We were a bit disappointed that though we’d seen weasel tracks toward the beginning of our adventure, no other members of the mustelid family shared their presence. Instead, it was to red squirrels that we next turned our attention.
And Alice gave us a new insight. I’ve always said that snowshoe hare prints remind me of lobsters. Well, today she pointed out the fact that squirrel tracks look like Batman’s mask. I will never look at squirrel tracks the same again.
We found squirrel homes tucked under logs and trees.
And one very fancy squirrel condo with plenty of openings on different levels. It reminded Joan and me of a certain porcupine condominium (aka stump dump) on a property under conservation easement in Lovell.
Speaking of porcupines, I kept commenting that we were in porcupine habitat and hadn’t seen any signs. Until . . . we did. And when we return, we’ll do some backtracking in search of its den or feeding tree(s).
We continued our journey, seeing much the same along the way. At last, we turned right onto a snowmobile trail where we followed turkey tracks out to the road. Our time together had drawn to a close, but we’re excited about the possibilities for the hike on January 27th. Check out both land trusts’ websites soon for more details.
After saying goodbye to Joan and Alice, my outdoor experience continued, this time with an after-school nature program the Greater Lovell Land Trust offers to kids at the New Suncook School. Today, Kathy M. joined me and showed the kids how to create pinecone bird feeders using pinecones, peanut butter and bird seed. Both Meg, the Lovell Recreation Director, and I were excited because our group had swelled to nine. And the next time we meet, we believe we’ll have one more young naturalist join us, bringing our number to its limit.
O. smiled as he showed off the peanut butter he’d slathered onto the cone.
C. looked ready to eat hers, while Kathy patiently helped tied string around D.’s cone.
K. proudly showed off a finished creation.
And then we headed off into the sunset via snowshoes and skis.
And on a trail behind the school playground, fresh deer tracks made us happy. We showed the kids how to look at the heart-shape of the cloven toes and know that the bottom of the heart indicated the direction of travel.
As we tramped along the trail examining tracks, we took time to hang the bird feeders. We’ll be curious to look at them when we meet again in two weeks. Today we wondered about who, besides birds, might visit them. Many bets were on deer and squirrels.

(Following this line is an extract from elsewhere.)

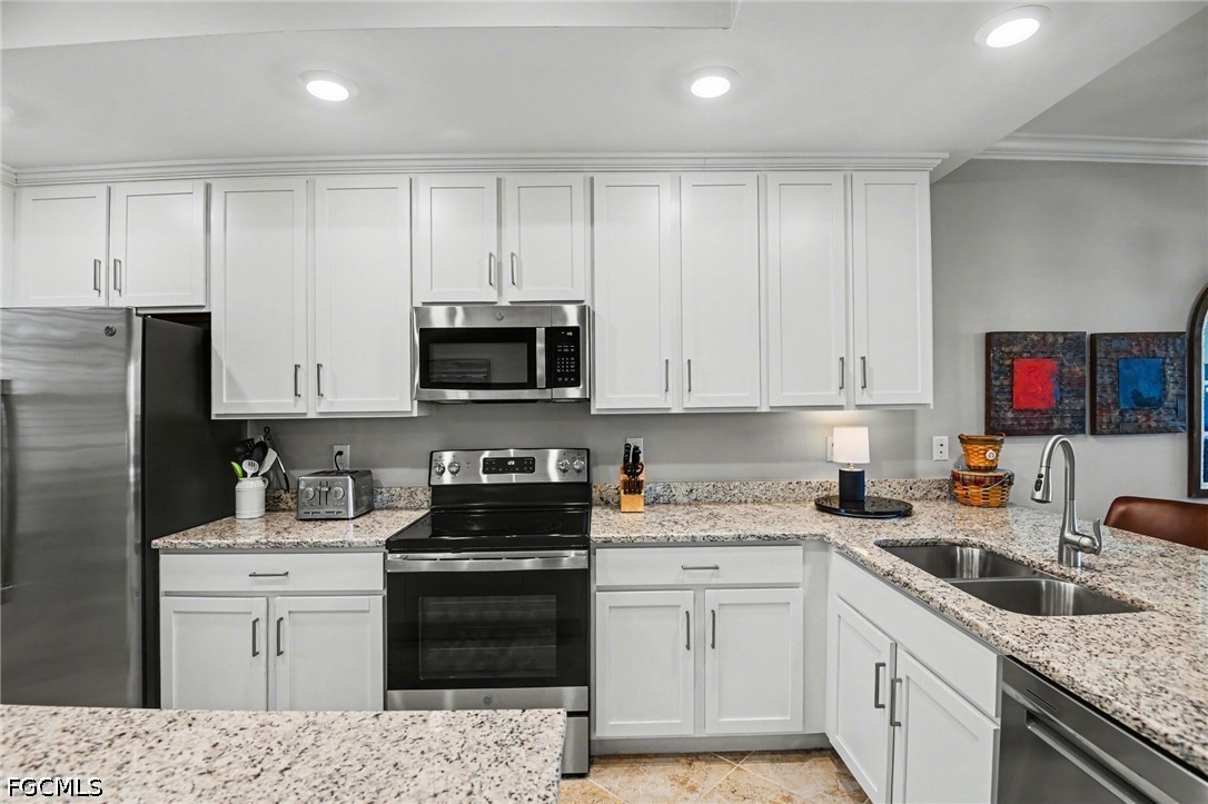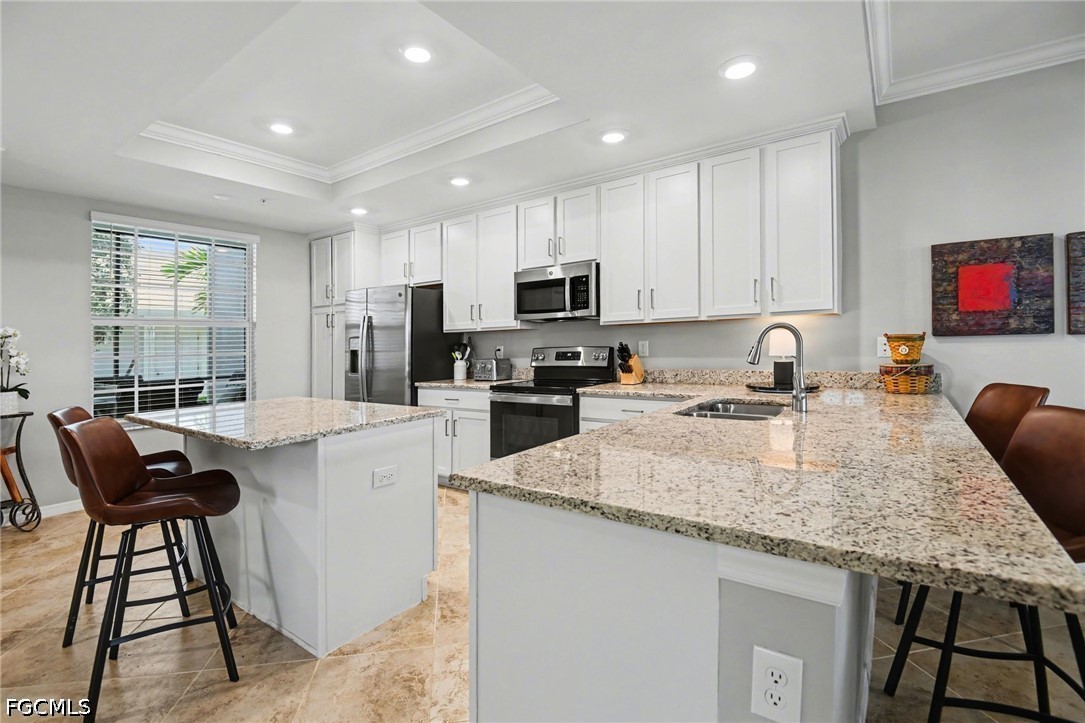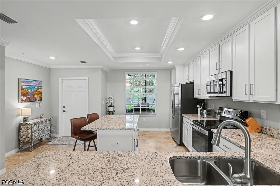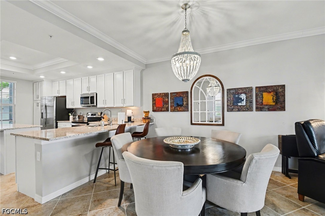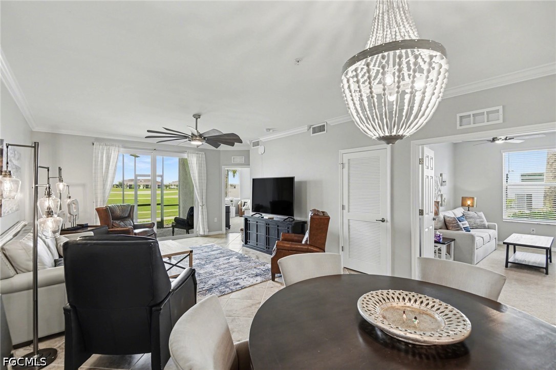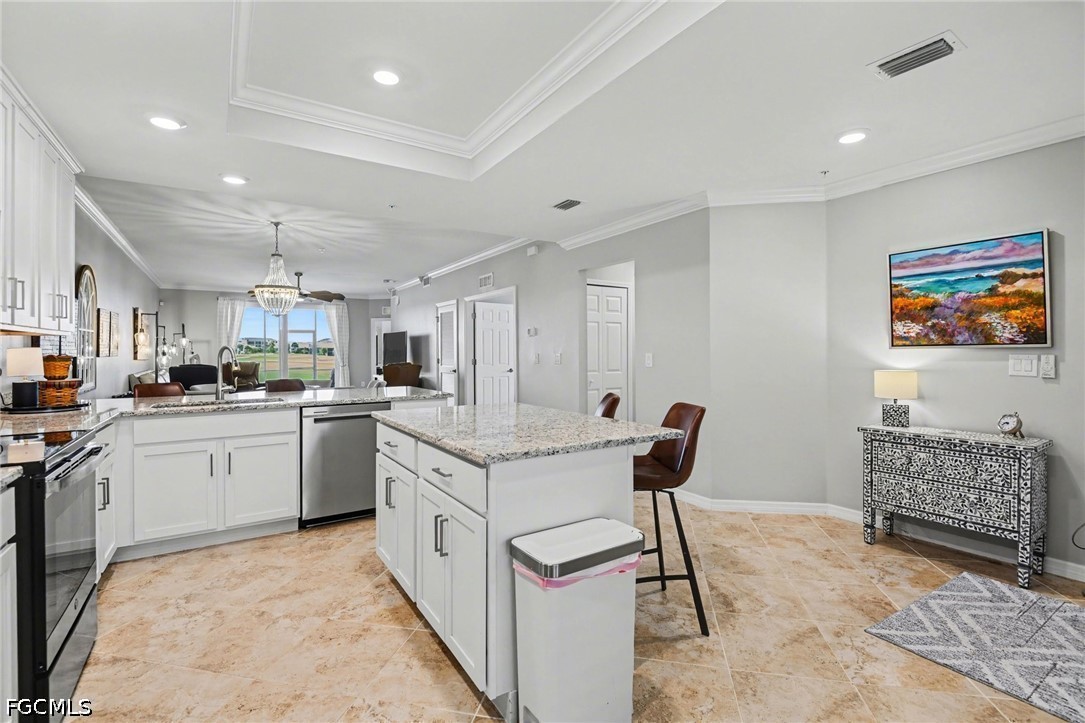 The kitchen offers a center island with seating and a breakfast bar for casual dining, beautiful granite counters, stainless appliances, plenty of cabinet space, and a newer dishwasher. Recessed lighting and a tray ceiling add a designer touch. The dining area easily accommodates a full dining set and flows into the living room with designer lighting. Sliding doors open from both sides to the golf-front screened lanai with ceiling fan and light.

The trail behind the school leads out to the power line and snowmobile trail, where again, we found many deer tracks.
We’d gone a ways when we realized we needed to turn around and head back to school. But first, it was time for a group photo of happy campers.
With smiles from all levels.
Our after school group is called the Trailblazers. And K. took the time to illustrate what we’d done last week. Note the square with the tall person standing up and two smaller people on the ground with their snowshoes in the air. Last week, snowshoeing was a bit of a challenge for them, but this week they embraced the concept.
From beginning to end, my day was bookmarked by land trust trailblazers. How happy am I? Extremely. Perhaps the happiest camper of all.